- [REQUIRED WORK]: If a line contains "As seen in the", it is the last one to write out; begin with the first line of the records and copy each exactly.

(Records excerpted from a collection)

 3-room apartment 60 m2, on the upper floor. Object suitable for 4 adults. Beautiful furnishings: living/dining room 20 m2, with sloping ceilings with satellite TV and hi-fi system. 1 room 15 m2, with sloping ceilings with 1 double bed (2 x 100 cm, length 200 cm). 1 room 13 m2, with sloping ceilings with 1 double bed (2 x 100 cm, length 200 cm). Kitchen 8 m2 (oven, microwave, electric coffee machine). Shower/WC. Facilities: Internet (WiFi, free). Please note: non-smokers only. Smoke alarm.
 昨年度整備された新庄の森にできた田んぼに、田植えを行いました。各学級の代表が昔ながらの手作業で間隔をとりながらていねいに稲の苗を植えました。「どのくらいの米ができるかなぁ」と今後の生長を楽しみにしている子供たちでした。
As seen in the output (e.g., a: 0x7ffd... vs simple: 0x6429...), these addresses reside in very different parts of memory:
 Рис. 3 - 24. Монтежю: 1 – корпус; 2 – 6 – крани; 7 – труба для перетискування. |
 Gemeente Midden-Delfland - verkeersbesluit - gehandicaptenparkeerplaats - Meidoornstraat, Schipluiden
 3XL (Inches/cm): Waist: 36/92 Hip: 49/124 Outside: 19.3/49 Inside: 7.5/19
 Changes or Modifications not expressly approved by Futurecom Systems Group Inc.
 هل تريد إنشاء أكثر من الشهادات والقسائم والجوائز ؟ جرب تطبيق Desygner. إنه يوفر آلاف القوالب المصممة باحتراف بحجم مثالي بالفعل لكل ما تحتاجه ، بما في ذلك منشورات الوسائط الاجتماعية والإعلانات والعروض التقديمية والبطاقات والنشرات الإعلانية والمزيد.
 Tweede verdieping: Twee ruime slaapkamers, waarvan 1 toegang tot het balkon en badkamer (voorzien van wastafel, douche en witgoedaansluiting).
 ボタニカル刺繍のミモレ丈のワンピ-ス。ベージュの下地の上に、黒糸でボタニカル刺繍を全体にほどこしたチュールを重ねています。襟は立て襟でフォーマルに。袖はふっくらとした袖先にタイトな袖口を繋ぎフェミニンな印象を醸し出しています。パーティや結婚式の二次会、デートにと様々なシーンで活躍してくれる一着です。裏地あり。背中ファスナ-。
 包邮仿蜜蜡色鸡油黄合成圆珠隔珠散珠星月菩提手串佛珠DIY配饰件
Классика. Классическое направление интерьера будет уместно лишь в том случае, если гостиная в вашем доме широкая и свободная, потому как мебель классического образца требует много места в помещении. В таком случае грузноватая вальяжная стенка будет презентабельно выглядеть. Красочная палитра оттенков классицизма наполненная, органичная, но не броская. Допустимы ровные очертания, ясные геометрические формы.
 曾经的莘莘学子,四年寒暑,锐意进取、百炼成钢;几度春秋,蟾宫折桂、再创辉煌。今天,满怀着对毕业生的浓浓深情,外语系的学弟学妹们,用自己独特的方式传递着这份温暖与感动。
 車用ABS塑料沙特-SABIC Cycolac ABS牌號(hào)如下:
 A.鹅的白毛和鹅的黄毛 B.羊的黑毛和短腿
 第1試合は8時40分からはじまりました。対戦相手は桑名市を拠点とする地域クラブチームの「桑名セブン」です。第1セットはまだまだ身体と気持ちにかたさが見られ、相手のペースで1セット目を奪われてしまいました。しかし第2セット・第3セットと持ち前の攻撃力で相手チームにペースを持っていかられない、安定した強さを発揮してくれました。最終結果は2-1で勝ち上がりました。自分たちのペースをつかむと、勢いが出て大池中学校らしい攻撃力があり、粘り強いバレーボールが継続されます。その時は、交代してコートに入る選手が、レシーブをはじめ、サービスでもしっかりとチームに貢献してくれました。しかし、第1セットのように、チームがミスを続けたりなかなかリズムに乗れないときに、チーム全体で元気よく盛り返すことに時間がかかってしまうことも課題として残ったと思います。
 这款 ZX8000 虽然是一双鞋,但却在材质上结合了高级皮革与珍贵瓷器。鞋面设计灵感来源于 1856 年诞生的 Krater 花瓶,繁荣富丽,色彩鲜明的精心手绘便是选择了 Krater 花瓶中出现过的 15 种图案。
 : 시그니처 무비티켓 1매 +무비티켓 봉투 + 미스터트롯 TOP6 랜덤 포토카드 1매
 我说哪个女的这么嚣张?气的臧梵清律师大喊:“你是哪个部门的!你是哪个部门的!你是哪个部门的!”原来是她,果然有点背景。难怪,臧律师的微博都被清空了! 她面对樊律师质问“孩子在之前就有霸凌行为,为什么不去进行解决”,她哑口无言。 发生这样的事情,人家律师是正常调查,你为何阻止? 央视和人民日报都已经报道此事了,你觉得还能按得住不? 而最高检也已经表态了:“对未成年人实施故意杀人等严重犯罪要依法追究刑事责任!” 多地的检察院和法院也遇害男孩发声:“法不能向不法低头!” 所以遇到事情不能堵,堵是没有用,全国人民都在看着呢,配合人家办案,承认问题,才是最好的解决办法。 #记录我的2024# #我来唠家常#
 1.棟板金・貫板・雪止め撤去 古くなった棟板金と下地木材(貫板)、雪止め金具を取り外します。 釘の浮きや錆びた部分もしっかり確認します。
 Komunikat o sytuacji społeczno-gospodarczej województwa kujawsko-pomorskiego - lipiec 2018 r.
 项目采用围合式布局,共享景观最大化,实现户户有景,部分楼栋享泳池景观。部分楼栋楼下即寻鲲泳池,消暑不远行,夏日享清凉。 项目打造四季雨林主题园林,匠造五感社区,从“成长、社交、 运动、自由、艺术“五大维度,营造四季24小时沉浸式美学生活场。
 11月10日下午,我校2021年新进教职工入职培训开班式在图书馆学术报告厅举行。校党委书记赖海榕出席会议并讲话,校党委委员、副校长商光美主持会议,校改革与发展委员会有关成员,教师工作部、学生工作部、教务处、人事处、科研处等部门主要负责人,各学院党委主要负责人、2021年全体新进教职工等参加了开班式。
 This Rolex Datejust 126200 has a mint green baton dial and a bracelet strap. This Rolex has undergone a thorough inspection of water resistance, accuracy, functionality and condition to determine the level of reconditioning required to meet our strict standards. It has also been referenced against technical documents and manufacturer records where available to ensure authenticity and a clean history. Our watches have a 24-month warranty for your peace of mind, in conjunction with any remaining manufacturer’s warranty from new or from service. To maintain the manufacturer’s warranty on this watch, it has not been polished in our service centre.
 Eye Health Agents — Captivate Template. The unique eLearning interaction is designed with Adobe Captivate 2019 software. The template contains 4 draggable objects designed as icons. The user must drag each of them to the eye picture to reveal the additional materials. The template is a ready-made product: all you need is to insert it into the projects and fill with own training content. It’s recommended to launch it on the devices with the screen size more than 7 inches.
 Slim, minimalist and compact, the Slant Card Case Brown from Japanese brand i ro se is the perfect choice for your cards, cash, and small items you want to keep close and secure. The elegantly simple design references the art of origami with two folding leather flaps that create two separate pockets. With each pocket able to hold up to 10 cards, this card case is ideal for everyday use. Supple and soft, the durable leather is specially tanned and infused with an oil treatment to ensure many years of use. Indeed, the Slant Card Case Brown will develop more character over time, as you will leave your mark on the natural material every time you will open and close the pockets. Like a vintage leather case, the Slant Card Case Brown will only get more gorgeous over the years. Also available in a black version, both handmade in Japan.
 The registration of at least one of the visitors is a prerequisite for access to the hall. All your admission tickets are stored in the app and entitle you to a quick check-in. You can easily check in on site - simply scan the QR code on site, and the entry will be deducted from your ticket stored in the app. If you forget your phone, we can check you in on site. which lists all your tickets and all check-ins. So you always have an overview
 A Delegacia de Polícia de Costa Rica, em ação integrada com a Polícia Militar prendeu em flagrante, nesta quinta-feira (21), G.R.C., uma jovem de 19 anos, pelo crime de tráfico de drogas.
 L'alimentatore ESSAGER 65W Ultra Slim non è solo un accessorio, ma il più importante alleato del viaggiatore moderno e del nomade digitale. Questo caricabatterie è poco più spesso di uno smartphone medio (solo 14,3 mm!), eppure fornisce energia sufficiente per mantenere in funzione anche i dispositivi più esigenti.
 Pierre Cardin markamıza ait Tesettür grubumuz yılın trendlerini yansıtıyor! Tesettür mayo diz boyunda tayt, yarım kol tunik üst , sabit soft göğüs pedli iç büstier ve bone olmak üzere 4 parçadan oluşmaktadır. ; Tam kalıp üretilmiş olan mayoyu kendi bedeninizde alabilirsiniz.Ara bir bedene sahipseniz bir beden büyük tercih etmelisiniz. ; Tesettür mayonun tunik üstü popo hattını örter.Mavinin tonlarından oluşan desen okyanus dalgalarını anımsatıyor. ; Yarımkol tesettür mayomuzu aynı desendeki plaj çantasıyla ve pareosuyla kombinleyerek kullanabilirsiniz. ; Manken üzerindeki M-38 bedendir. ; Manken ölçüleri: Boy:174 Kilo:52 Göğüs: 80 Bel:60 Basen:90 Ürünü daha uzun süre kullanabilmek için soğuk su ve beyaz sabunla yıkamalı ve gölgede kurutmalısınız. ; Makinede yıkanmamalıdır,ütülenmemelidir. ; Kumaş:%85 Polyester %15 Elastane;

- [RESULT]:
 3-room apartment 60 m2, on the upper floor. Object suitable for 4 adults. Beautiful furnishings: living/dining room 20 m2, with sloping ceilings with satellite TV and hi-fi system. 1 room 15 m2, with sloping ceilings with 1 double bed (2 x 100 cm, length 200 cm). 1 room 13 m2, with sloping ceilings with 1 double bed (2 x 100 cm, length 200 cm). Kitchen 8 m2 (oven, microwave, electric coffee machine). Shower/WC. Facilities: Internet (WiFi, free). Please note: non-smokers only. Smoke alarm.
 昨年度整備された新庄の森にできた田んぼに、田植えを行いました。各学級の代表が昔ながらの手作業で間隔をとりながらていねいに稲の苗を植えました。「どのくらいの米ができるかなぁ」と今後の生長を楽しみにしている子供たちでした。
As seen in the output (e.g., a: 0x7ffd... vs simple: 0x6429...), these addresses reside in very different parts of memory:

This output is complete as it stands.